(Entries taken from a collection)
-=-=-=-=-
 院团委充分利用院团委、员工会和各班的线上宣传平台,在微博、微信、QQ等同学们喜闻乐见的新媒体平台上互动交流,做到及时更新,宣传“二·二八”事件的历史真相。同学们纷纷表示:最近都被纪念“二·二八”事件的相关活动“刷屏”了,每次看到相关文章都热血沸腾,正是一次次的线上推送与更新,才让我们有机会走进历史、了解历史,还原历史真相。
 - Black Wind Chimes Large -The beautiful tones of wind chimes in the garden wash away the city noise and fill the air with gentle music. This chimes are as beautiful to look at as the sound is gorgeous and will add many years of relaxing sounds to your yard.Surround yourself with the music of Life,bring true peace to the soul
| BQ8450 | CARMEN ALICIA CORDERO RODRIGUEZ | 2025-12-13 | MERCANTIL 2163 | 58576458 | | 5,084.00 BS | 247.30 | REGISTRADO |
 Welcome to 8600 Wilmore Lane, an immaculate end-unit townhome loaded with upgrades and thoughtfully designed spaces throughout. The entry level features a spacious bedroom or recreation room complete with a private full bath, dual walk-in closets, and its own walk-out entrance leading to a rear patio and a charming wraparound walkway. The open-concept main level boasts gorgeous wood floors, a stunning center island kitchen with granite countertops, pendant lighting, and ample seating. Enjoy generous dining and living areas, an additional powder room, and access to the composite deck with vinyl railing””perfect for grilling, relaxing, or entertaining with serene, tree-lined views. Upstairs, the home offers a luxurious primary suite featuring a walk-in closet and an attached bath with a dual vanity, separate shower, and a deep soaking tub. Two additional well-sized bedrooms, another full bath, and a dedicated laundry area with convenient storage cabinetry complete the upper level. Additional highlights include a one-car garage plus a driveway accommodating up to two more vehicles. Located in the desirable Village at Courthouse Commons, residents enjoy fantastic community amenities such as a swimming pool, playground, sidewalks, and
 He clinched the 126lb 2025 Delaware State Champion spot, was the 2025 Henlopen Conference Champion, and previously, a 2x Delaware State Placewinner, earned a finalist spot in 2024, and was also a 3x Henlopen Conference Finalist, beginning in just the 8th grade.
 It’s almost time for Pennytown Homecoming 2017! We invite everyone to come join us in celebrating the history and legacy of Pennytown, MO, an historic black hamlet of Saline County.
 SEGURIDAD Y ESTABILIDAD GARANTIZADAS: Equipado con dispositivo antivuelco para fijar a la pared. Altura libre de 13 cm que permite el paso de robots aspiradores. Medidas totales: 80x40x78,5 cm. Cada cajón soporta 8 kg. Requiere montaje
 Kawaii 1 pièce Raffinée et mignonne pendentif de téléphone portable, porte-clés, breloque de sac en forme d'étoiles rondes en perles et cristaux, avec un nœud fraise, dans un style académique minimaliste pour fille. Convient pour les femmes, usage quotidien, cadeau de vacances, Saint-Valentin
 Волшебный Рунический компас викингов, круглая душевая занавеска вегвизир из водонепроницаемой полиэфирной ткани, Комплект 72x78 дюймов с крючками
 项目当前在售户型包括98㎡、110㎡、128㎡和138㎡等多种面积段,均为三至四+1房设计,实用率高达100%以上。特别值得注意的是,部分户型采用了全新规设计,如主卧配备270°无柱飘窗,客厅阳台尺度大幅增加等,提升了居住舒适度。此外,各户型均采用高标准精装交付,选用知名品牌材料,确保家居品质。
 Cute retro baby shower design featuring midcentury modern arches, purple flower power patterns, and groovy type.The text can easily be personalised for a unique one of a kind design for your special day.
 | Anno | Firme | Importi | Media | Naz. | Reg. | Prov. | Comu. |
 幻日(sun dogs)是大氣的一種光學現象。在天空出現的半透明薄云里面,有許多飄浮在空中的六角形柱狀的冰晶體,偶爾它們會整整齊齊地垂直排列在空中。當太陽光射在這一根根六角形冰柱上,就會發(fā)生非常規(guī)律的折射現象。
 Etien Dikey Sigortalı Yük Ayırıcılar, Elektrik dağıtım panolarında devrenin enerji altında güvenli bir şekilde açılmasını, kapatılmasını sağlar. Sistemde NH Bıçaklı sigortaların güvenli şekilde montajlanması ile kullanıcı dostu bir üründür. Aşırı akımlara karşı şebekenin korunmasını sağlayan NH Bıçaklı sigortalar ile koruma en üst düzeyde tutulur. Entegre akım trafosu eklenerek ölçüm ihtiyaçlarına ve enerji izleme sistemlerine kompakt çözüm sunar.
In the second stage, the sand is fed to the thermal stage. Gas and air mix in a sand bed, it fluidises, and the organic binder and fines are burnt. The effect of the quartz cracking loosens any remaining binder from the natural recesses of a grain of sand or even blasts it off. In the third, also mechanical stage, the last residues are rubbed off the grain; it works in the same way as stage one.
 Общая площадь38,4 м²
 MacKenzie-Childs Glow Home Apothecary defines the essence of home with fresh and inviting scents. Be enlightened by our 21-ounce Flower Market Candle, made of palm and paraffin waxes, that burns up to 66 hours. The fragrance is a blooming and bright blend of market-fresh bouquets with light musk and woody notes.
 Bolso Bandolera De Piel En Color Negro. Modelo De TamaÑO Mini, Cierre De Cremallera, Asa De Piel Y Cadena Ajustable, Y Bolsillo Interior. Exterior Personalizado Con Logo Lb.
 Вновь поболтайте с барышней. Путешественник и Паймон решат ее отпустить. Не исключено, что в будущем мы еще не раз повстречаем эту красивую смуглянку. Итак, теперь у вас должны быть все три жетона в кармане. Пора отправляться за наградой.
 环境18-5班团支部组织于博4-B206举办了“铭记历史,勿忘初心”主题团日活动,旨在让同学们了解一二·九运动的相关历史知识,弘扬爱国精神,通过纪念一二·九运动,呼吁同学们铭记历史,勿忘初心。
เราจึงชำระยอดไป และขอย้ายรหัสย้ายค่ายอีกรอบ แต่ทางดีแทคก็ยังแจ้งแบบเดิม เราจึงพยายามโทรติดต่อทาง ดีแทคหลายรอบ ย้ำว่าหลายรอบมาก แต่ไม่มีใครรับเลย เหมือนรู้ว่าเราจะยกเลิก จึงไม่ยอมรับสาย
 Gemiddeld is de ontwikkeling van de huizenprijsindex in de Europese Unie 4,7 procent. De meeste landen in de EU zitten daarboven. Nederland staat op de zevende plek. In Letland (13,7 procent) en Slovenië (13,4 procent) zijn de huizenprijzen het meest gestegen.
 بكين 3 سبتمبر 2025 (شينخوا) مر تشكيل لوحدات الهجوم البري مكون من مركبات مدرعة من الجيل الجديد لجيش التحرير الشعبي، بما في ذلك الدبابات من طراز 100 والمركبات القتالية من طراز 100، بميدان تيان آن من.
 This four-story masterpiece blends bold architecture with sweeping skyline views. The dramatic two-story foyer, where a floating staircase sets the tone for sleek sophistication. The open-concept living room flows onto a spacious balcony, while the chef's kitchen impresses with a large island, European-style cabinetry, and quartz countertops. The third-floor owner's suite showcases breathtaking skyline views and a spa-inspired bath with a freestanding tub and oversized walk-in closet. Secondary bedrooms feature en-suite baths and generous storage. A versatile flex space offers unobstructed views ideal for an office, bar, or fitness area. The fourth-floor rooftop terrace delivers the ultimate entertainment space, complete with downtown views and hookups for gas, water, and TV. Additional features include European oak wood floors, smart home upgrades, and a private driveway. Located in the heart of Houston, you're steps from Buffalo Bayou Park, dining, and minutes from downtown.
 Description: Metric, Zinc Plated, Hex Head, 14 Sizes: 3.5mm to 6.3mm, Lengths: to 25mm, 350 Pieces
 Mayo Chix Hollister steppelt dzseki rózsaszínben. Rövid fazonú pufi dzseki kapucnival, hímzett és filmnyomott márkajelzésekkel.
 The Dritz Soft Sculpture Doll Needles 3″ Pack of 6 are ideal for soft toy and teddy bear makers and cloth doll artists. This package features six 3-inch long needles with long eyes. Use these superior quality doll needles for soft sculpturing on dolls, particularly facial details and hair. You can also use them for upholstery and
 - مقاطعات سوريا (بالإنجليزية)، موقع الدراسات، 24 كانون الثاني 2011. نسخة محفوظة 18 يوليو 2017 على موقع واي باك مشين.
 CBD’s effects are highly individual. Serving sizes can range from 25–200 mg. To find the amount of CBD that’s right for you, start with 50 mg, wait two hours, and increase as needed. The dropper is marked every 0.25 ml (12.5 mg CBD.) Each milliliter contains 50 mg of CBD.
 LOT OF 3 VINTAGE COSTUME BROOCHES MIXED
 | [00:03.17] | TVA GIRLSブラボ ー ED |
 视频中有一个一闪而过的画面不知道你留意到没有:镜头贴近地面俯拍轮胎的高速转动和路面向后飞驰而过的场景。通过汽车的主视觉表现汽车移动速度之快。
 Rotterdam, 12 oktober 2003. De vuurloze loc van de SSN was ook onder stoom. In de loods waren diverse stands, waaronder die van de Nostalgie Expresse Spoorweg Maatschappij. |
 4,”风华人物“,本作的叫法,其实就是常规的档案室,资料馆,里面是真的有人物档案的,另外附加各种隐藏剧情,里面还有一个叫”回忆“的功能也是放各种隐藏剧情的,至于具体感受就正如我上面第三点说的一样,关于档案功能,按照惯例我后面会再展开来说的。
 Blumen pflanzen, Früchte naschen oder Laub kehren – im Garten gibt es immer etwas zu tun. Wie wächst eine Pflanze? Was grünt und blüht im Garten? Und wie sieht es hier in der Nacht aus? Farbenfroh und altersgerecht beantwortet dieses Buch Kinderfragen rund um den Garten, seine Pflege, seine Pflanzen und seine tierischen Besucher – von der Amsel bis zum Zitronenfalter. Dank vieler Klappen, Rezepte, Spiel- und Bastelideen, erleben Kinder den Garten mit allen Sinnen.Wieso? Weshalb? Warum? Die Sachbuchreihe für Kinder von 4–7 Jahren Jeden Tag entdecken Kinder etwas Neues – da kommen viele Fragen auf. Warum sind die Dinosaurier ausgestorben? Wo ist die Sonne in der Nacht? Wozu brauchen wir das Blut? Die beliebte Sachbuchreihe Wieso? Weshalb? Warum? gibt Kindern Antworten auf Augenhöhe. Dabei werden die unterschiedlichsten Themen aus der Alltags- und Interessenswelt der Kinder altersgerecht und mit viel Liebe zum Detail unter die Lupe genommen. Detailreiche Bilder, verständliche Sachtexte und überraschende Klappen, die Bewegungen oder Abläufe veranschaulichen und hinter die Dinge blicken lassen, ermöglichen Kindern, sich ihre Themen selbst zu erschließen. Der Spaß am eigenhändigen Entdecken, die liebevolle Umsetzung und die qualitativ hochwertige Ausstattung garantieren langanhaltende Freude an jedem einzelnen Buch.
-=-=-=-=-
Your reply should consist only of the lines from the one containing "Rotterdam, 12 oktober" through the last line of the records, each reproduced exactly.

 Rotterdam, 12 oktober 2003. De vuurloze loc van de SSN was ook onder stoom. In de loods waren diverse stands, waaronder die van de Nostalgie Expresse Spoorweg Maatschappij. |
 4,”风华人物“,本作的叫法,其实就是常规的档案室,资料馆,里面是真的有人物档案的,另外附加各种隐藏剧情,里面还有一个叫”回忆“的功能也是放各种隐藏剧情的,至于具体感受就正如我上面第三点说的一样,关于档案功能,按照惯例我后面会再展开来说的。
 Blumen pflanzen, Früchte naschen oder Laub kehren – im Garten gibt es immer etwas zu tun. Wie wächst eine Pflanze? Was grünt und blüht im Garten? Und wie sieht es hier in der Nacht aus? Farbenfroh und altersgerecht beantwortet dieses Buch Kinderfragen rund um den Garten, seine Pflege, seine Pflanzen und seine tierischen Besucher – von der Amsel bis zum Zitronenfalter. Dank vieler Klappen, Rezepte, Spiel- und Bastelideen, erleben Kinder den Garten mit allen Sinnen.Wieso? Weshalb? Warum? Die Sachbuchreihe für Kinder von 4–7 Jahren Jeden Tag entdecken Kinder etwas Neues – da kommen viele Fragen auf. Warum sind die Dinosaurier ausgestorben? Wo ist die Sonne in der Nacht? Wozu brauchen wir das Blut? Die beliebte Sachbuchreihe Wieso? Weshalb? Warum? gibt Kindern Antworten auf Augenhöhe. Dabei werden die unterschiedlichsten Themen aus der Alltags- und Interessenswelt der Kinder altersgerecht und mit viel Liebe zum Detail unter die Lupe genommen. Detailreiche Bilder, verständliche Sachtexte und überraschende Klappen, die Bewegungen oder Abläufe veranschaulichen und hinter die Dinge blicken lassen, ermöglichen Kindern, sich ihre Themen selbst zu erschließen. Der Spaß am eigenhändigen Entdecken, die liebevolle Umsetzung und die qualitativ hochwertige Ausstattung garantieren langanhaltende Freude an jedem einzelnen Buch.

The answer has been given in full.